Seite wählen

Buckwheat porridge: why Europeans can’t stand it

In all the territories of historical growth of this grain crop, buckwheat is still eaten, but it is still considered a “cheap” food, although, for example, in northern India and Nepal it can rarely be found on sale. The local population knows this product, they traditionally fry buckwheat with spices, but they are very reluctant to consume it, despite the fact that its beneficial properties are now known to the whole world.

In China, buckwheat grows of worse quality than, for example, in Russia, and therefore the Chinese began to buy it in Ukraine and Belarus. In the Celestial Empire, buckwheat is also considered not a prestigious food, but even there it has become fashionable to take care of one’s health and Chinese doctors recommend buckwheat to their patients… drink. Now it is brewed as a tea and they try to drink at least two glasses of infusion a day.

In Korea and Japan, buckwheat has always been common, but in the form of flour. Koreans still bake fluffy fragrant buns from it – sae meduk, and the Japanese cook delicious WOK noodles with a characteristic brown color.

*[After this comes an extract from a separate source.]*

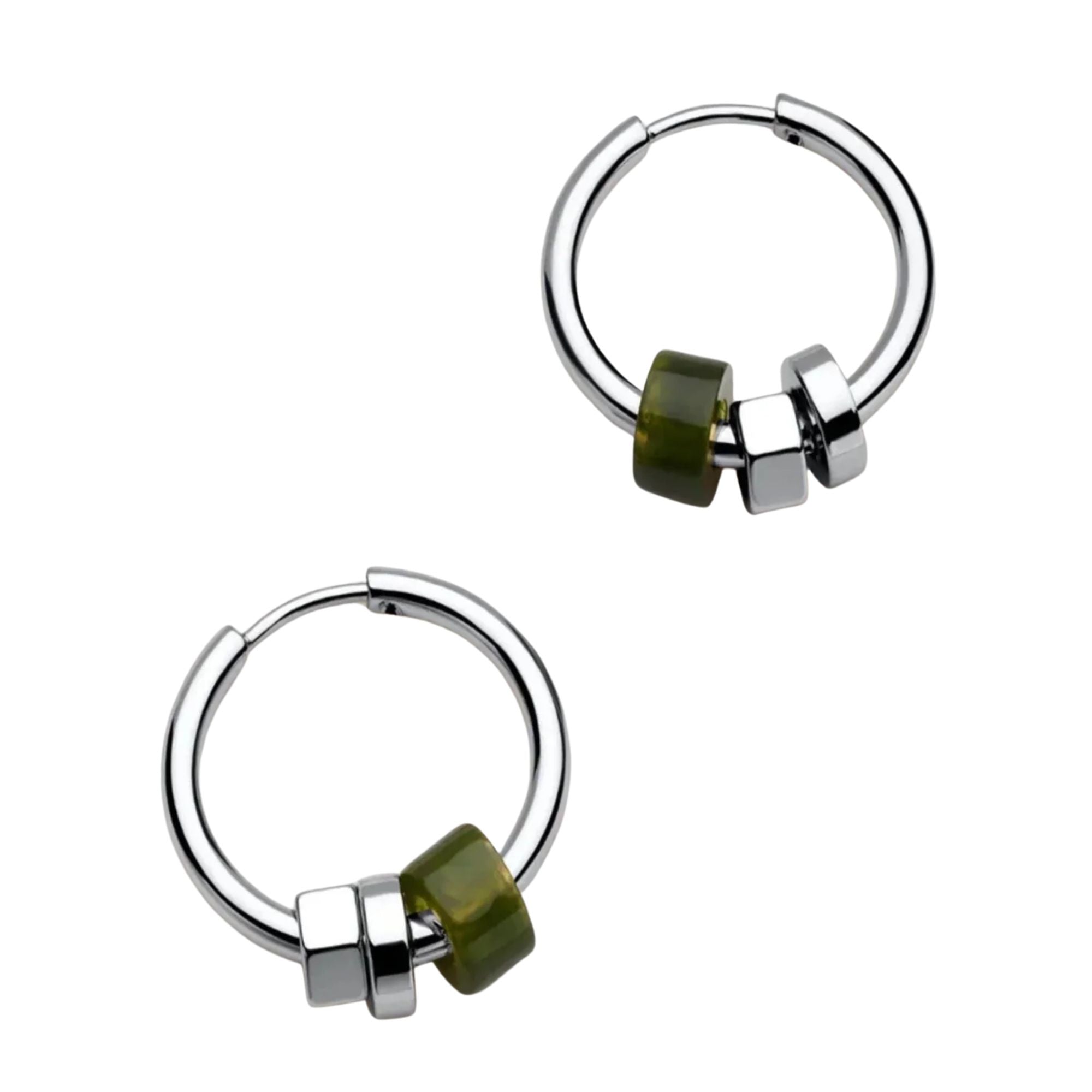 These Amina Hoop Silver earrings by Zafino blend a subtle touch of olive colour with a sturdy brass base, creating a timeless elegance that complements your style effortlessly. Ideal for both work and play, they add a beautiful contrast to any outfit, making them a versatile and reliable accessory for everyday wear.
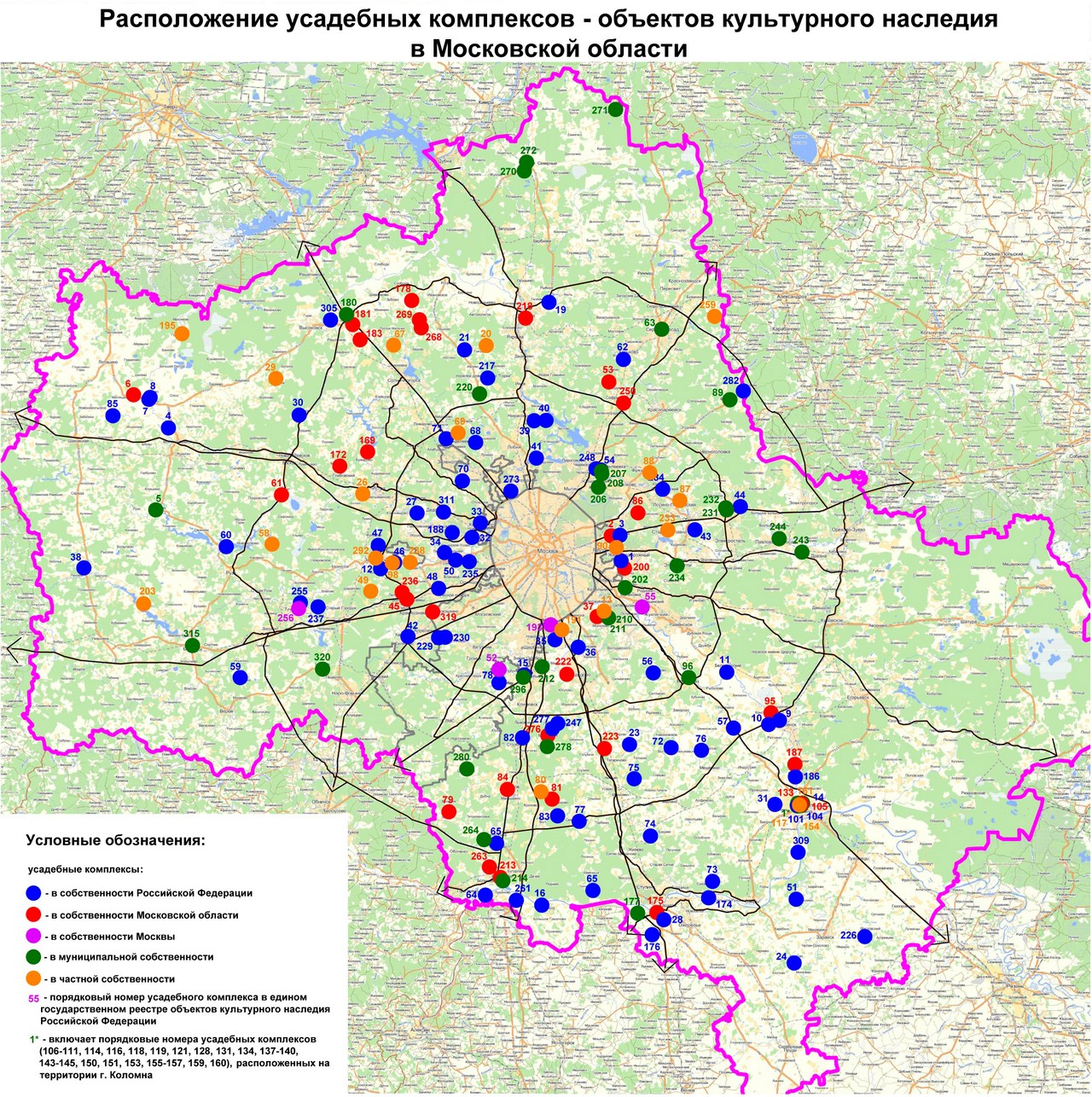 Еще мы учитывали тип собственности. При разработке стратегии сохранения и использования объекта важно помнить, что решающее слово здесь за собственником. В нашей градации по собственности выделены: собственность Российской Федерации, Московской области, отдельные усадьбы в собственности Москвы, а также муниципальная и частная. Вся собранная информация была нанесена на карту, и у нас получилась наглядная картина. Выделились четыре категории.

In addition to Asian and Slavic countries, buckwheat is also eaten in Israel. The Jewish people lived on the territory of the Russian Empire for a long time, and this could not but affect their taste preferences. Buckwheat porridge cooked in the Jewish style is called “varniškes” and in addition to buckwheat, it includes wheat flour and onions.

In Western Europe and America, buckwheat has always been considered fodder for livestock due to its unpretentiousness to growth. Moreover, nutritionists all over the world claim that boiled (without salt) buckwheat is bitter and has a clear chemical taste. This is quite surprising to all immigrants from the USSR, who know perfectly well that this is not the case. But it turns out that any adult who tastes boiled buckwheat for the first time feels exactly this bitter and unpleasant taste, and only those people who have eaten this porridge since childhood have formed its sweet taste in their memory.

Buckwheat porridge in the vastness of the Soviet country was eaten by everyone, regardless of age. Accustomed to it from childhood, representatives of the peoples of the USSR often fed their children with this porridge, because life in the now sovereign countries, which were once Soviet republics, remains difficult to this day.

Nutritionists say that it is really necessary to get used to the consumption of boiled buckwheat from childhood, only then you can enjoy its taste. But it is necessary to eat it, today only this cereal is able to normalize blood pressure, hormonal background, blood sugar levels, raise hemoglobin, increase immunity, remove toxins and excess cholesterol from the body. And only immigrants from the USSR and their children manage to do this without wincing from the bitterness of buckwheat.